Local: http://localhost:8000
API Docs: http://localhost:8000/docs
Health Check: http://localhost:8000/health

3. Test the API

# Run the test script
python test_api.py

4. Basic Usage

import requests

# Analyze a user's comments
response = requests.post("http://localhost:8000/api/v1/analyze-user", json={
    "user_id": "reddit_username",
    "comments": [
        "This is a great post!",
        "I completely agree with your point.",
        "Thanks for sharing this information."
    ],
    "options": {
        "fast_only": False,
        "include_breakdown": True,
        "use_context": True
    }
})

result = response.json()
print(f"Bot Score: {result['bot_score']}%")
print(f"Confidence: {result['confidence']}%")
print(f"Is Bot: {result['is_likely_bot']}")

Project Structure

expose-ai-ml/
├── api/                    # Bot Detection API
│   └── bot_detection.py   # FastAPI server and endpoints
├── models/                 # Bot detection models
│   ├── detectors/         # Detection algorithms
│   │   ├── fast_detector.py      # Fast screening (RoBERTa)
│   │   ├── deep_detector.py      # Deep analysis (DeBERTa-v3)
│   │   └── statistical_analyzer.py # Statistical metrics
│   ├── ensemble.py        # Ensemble scoring system
│   └── training/          # Model training utilities
├── utils/                  # Utilities
│   ├── preprocessing.py   # Reddit comment preprocessing
│   └── metrics.py         # Analysis metrics and tools
├── config/                # Configuration
│   └── settings.py        # Application settings
├── core/                  # Core framework (legacy)
│   ├── framework.py       # ML framework (basic implementation)
│   └── device_manager.py  # Device management
├── llm/                   # LangChain integration (basic)
│   ├── chain.py          # LLM chain wrapper
│   ├── embeddings.py     # Embedding management
│   └── prompts.py        # Pre-built prompts
├── run_dev.py            # Development server launcher
├── test_api.py           # API testing script
├── requirements.txt      # Dependencies
└── setup.py             # Package setup

API Reference

Request Format

Endpoint: POST /api/v1/analyze-user

Request Example:

{
  "user_id": "reddit_username",
  "comments": [
    "This is a great post!",
    "I completely agree with your point.",
    "Thanks for sharing this information."
  ],
  "parent_contexts": [
    { "comment_id": "c1", "parent": "Original post text" },
    { "comment_id": "c2", "parent": null }
  ],
  "options": {
    "fast_only": false,
    "include_breakdown": true,
    "use_context": true,
    "force_full_analysis": false
  }
}

Response Example:

{
  "user_id": "reddit_username",
  "bot_score": 73.5,
  "confidence": 85.2,
  "is_likely_bot": true,
  "stage": "full_ensemble",
  "processing_time_ms": 1834,
  "comments_analyzed": 25,
  "total_comments": 3,
  "breakdown": {
    "fast_model": 70.0,
    "deep_model": 78.0,
    "perplexity": 72.0,
    "bpc": 74.0,
    "sentiment_consistency": 80.0,
    "embedding_similarity": 75.0,
    "zero_shot": 65.0,
    "burstiness": 70.0
  },
  "explanation": "Analysis using full_ensemble with high confidence (85.2%).
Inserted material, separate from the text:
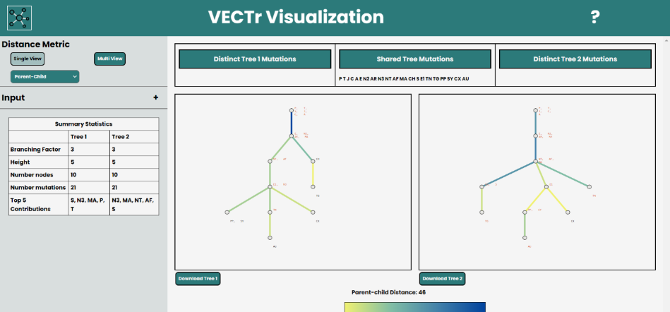 VECTr, pictured above, is a web based tool for visualizing clonal trees. You can begin by selecting the trees you will be visualizing.

Result: likely bot (73.5% bot score)."
}

Detection Pipeline

The system uses a sophisticated multi-stage approach:

Fast Screening (200-300ms): Quick analysis using lightweight models
Deep Analysis (1-2s): High-accuracy analysis using DeBERTa-v3-base
Statistical Analysis (500ms-1s): Perplexity, BPC, sentiment consistency, embedding similarity
Ensemble Scoring: Weighted combination of all signals

Advanced Features

Reddit-specific preprocessing: Handles markdown, URLs, mentions, subreddits
Smart sampling: Efficiently processes large comment sets
Context awareness: Uses parent comment context for better accuracy
Multiple signals: 10+ different analysis methods
Confidence scoring: Provides confidence levels for all predictions
Batch processing: Optimized for processing multiple comments
ONNX optimization: Fast inference for production deployment

Examples

Start the Development Server

# Start with development settings (recommended)
python run_dev.py

# Or start directly
python api/bot_detection.py

Test the API

# Run comprehensive API tests
python test_api.py

API Endpoints

Health Check: GET /health
Root Info: GET /
Analyze User: POST /api/v1/analyze-user
Models Info: GET /api/v1/models/info
API Documentation: GET /docs (Swagger UI)

Performance & Deployment

Performance Characteristics

Fast Mode: 200-300ms per analysis (lightweight models)
Full Analysis: 1-2 seconds per analysis (comprehensive pipeline)
Memory Usage: ~2-4GB RAM (depending on models loaded)
GPU Support: Automatic GPU detection and utilization

Production Deployment

The API is built with FastAPI and can be deployed using:

Docker: Containerize the application
Cloud Run: Serverless deployment on Google Cloud
Kubernetes: Scalable container orchestration
Traditional VPS: Direct deployment on virtual servers

Environment Variables

# Device configuration
DEVICE=auto  # or cuda, cpu

# Model cache directory
MODEL_CACHE_DIR=./models/cache

# API settings
API_HOST=0.0.0.0
API_PORT=8000
API_DEBUG=false

Contributing

Fork the repository
Create a feature branch
Make your changes
Add tests
Submit a pull request

License

MIT License - see LICENSE file for details.

Support

For questions or issues, please open a GitHub issue or contact Joey Lamping.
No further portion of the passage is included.